How does Etsy manage development and operations?
I’ve been loving using Quora these past few months, and have been amazed at the level of behind-the-scenes detail people are providing about really complex and specific things (like how Facebook does automated testing).
Recently, someone asked, “How does Etsy manage development and operations?” with these comments: Etsy seems to have scaled far and fast, whilst continuing to add new features; how is all this managed – is there a strictly-defined process within which engineers operate, or is it a case of hiring clever people and letting them get on with it (Facebook-style)?
First of all, I love the team and am proud of the work that they do. It’s an amazing group and none of this would work or be as fun as it is without them.
So, here’s the answer I just posted:
In 2010, we did grow the engineering team pretty fast, going from 20 to about 70, and the rest of the company grew quickly, too. As we grew, overall speed has been really important to us, and we’ve continually tuned our processes, tools, and culture to support that. I wrote about some of these principles behind all of it in my blog over the summer: http://bit.ly/foHPc1
Right now, developers are divided up into a number of small teams, usually 3-7 engineers. These teams are paired with a product manager and a designer, and there is some movement across teams as needed. All designers at Etsy code and product managers code at various levels, too. Ops and dev work really closely together, and we have one development team that is very ops-like and straddles both domains. Everyone in the company uses IRC. Lots of ideas are worked out on a wiki, and people around the company comment on those ideas and plans (we use Confluence). Some projects form organically, and others are more top-down.

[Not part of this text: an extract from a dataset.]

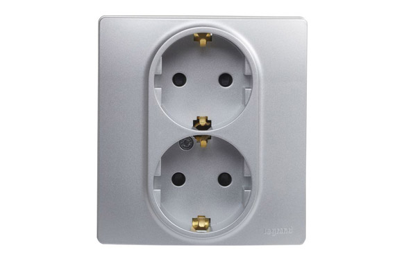 BASE ENCHUFE DOBLE 2P+T PLATA – SERIE NILOE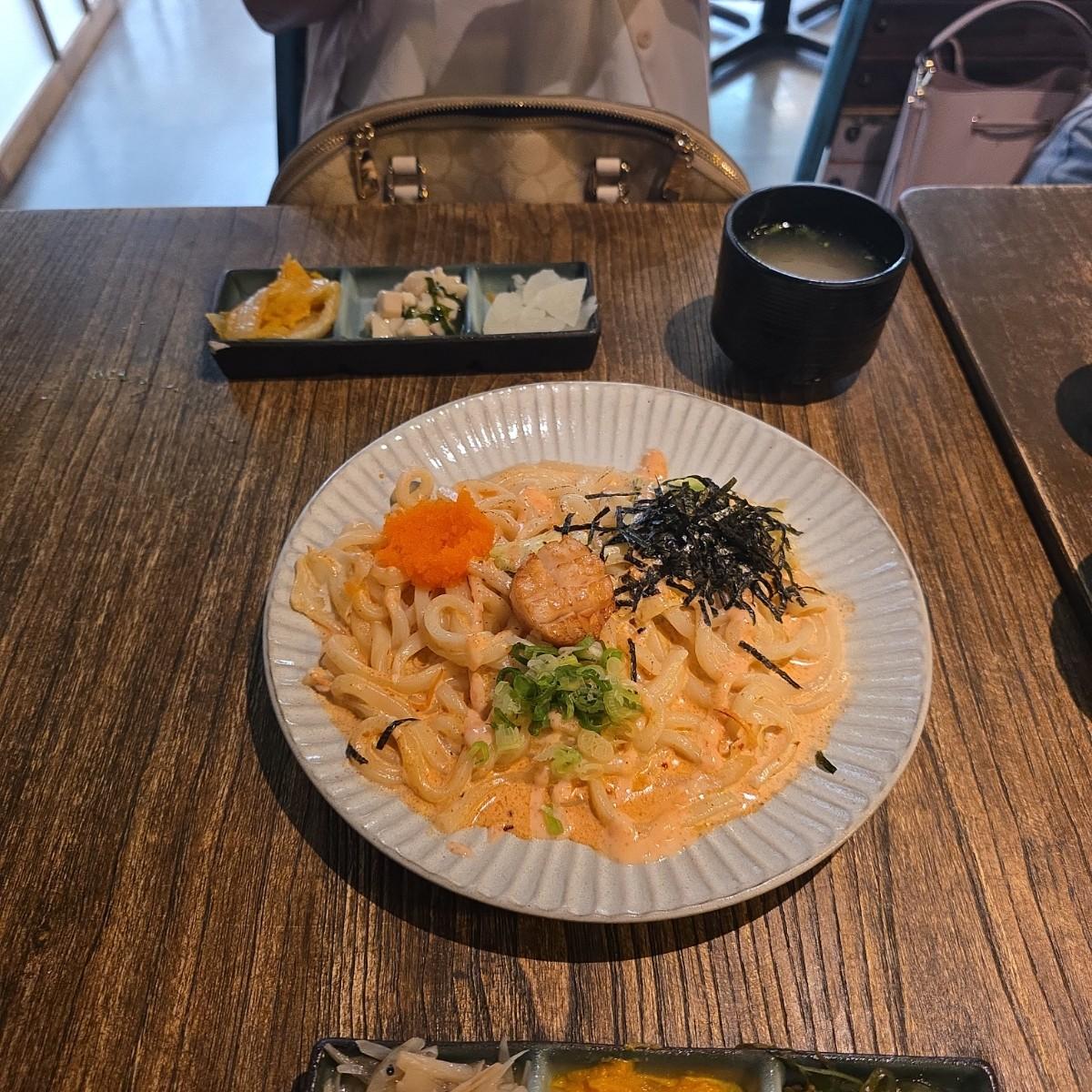 This time, we ordered their signature dish, "Spicy Cod Roe Udon with Scallops," which is indeed deserving of its popularity! The chewy udon is coated in rich cod roe sauce, complemented by seared scallops that are incredibly fragrant. The first bite has a slight spiciness combined with the creaminess, creating a rich flavor profile—so good that I wanted to order another bowl! Paired with a refreshing shochu cocktail, it’s simply the perfect combination, refreshing and palate-cleansing. Not to mention, they have a hidden menu item in their online ordering system called "Salmon with Yuzu Udon," which isn’t listed on the paper menu—a delightful surprise! The salmon is fresh, and the yuzu adds a refreshing taste, making it particularly appetizing in summer. I recommend it to friends who prefer lighter flavors.

We generally plan in 60-day chunks and divide the deliverables up into 2-week periods (though we’re not officially using capital-A Agile). The 60-day cycle has no special significance — we just felt like it was a reasonable timeframe for planning near-term deliverables. The 60-day plans go through a review, we set goals, and we publish the plans on the wiki. Our founder, CEO, and head of product (Rob Kalin) participates in these reviews and stays in close contact with the product and engineering teams throughout. In general, the teams have a lot of autonomy in how they get their work done within a set of architectural principles we’ve established (a subject for another post) and our overall design approach. Specs are typically very light, and the focus is on building working features.
We onboard engineers quickly and their first goal is simple: deploy on your first day. The goal here is to constantly emphasize shipping, and get over any deployment fears early. Engineers get productive very quickly. The level of cooperation between developers and ops is also really high (see our engineering blog for more: http://etsy.me/hMtu1A)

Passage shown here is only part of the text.